Your answer must be the lines from the one containing "1905 Népfölkelési igazolvány" through the last line of the records below, copied exactly, with the pictures left out.
*** Material provided ***
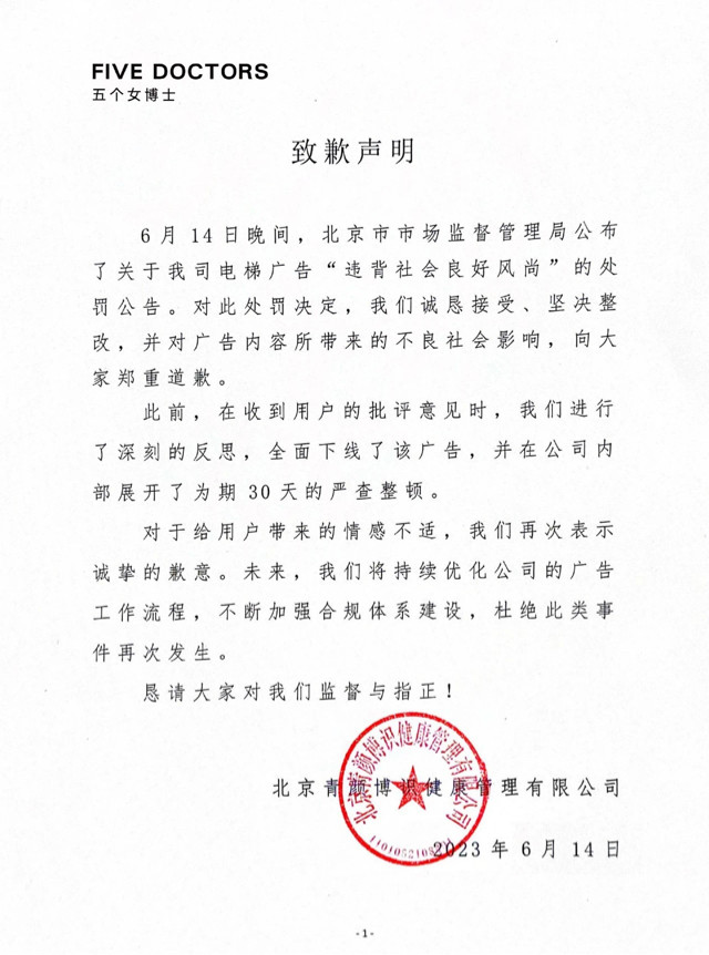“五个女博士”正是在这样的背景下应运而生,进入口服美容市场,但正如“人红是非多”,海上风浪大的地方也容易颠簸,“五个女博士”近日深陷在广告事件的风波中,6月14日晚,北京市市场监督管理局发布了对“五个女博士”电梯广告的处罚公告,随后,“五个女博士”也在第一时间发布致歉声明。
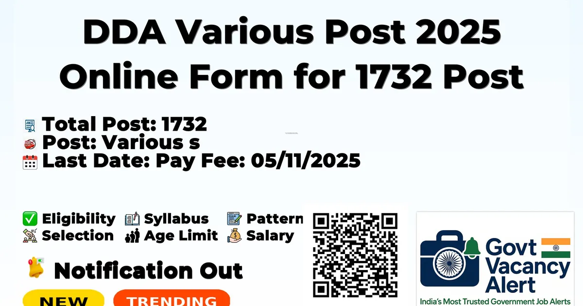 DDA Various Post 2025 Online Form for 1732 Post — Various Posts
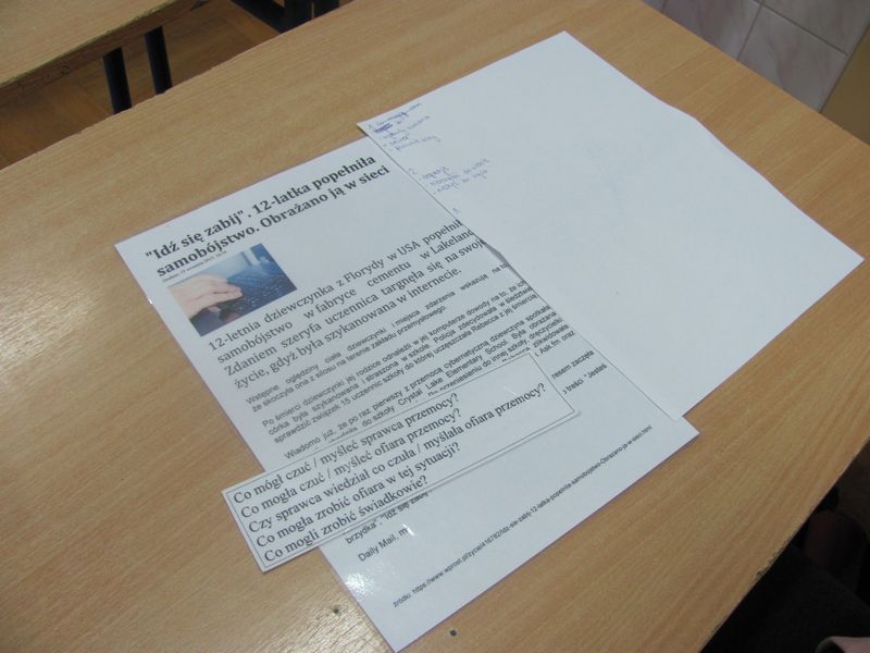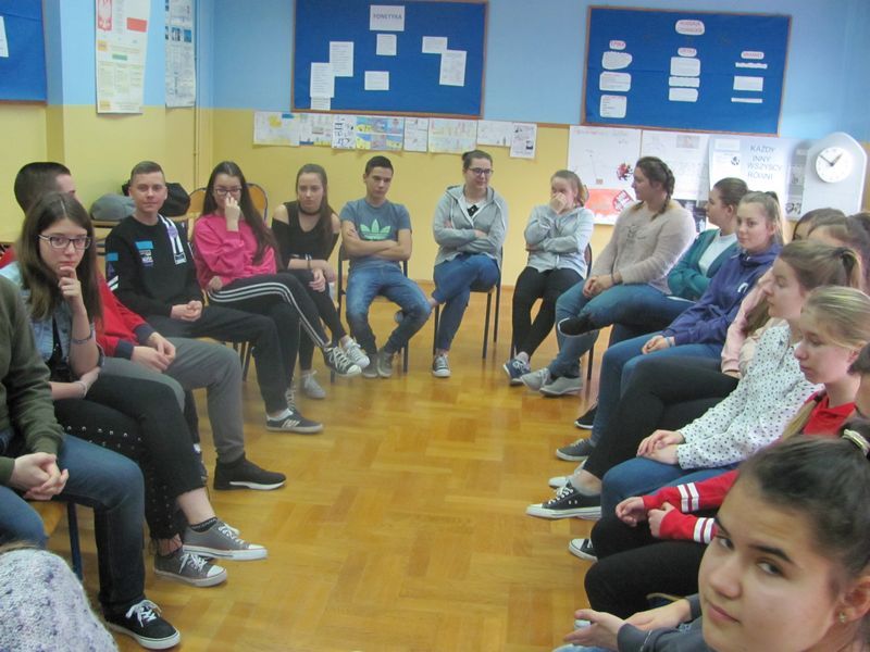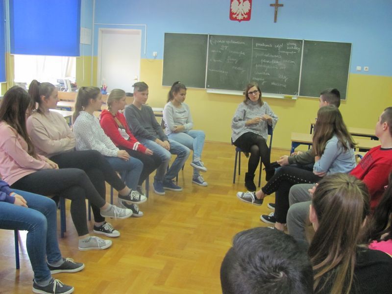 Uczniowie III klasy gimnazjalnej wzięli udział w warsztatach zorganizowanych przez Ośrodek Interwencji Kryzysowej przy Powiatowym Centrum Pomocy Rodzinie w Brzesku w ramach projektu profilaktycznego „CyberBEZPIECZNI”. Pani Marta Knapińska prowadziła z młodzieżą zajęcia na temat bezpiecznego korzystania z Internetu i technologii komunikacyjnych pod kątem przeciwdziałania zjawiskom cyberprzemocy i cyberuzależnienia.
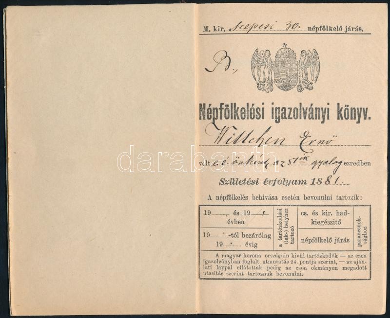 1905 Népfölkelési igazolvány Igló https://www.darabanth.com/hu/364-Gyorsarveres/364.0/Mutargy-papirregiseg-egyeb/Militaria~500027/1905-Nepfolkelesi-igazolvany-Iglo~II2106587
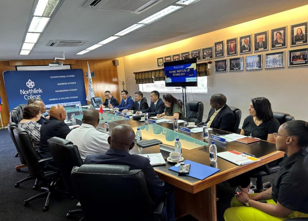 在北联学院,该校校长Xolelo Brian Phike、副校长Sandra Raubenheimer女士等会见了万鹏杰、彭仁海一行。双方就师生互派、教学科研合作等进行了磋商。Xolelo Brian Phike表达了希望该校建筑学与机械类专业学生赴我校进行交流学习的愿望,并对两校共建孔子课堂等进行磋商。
*** End of Material provided ***
Response:
 1905 Népfölkelési igazolvány Igló https://www.darabanth.com/hu/364-Gyorsarveres/364.0/Mutargy-papirregiseg-egyeb/Militaria~500027/1905-Nepfolkelesi-igazolvany-Iglo~II2106587
 在北联学院,该校校长Xolelo Brian Phike、副校长Sandra Raubenheimer女士等会见了万鹏杰、彭仁海一行。双方就师生互派、教学科研合作等进行了磋商。Xolelo Brian Phike表达了希望该校建筑学与机械类专业学生赴我校进行交流学习的愿望,并对两校共建孔子课堂等进行磋商。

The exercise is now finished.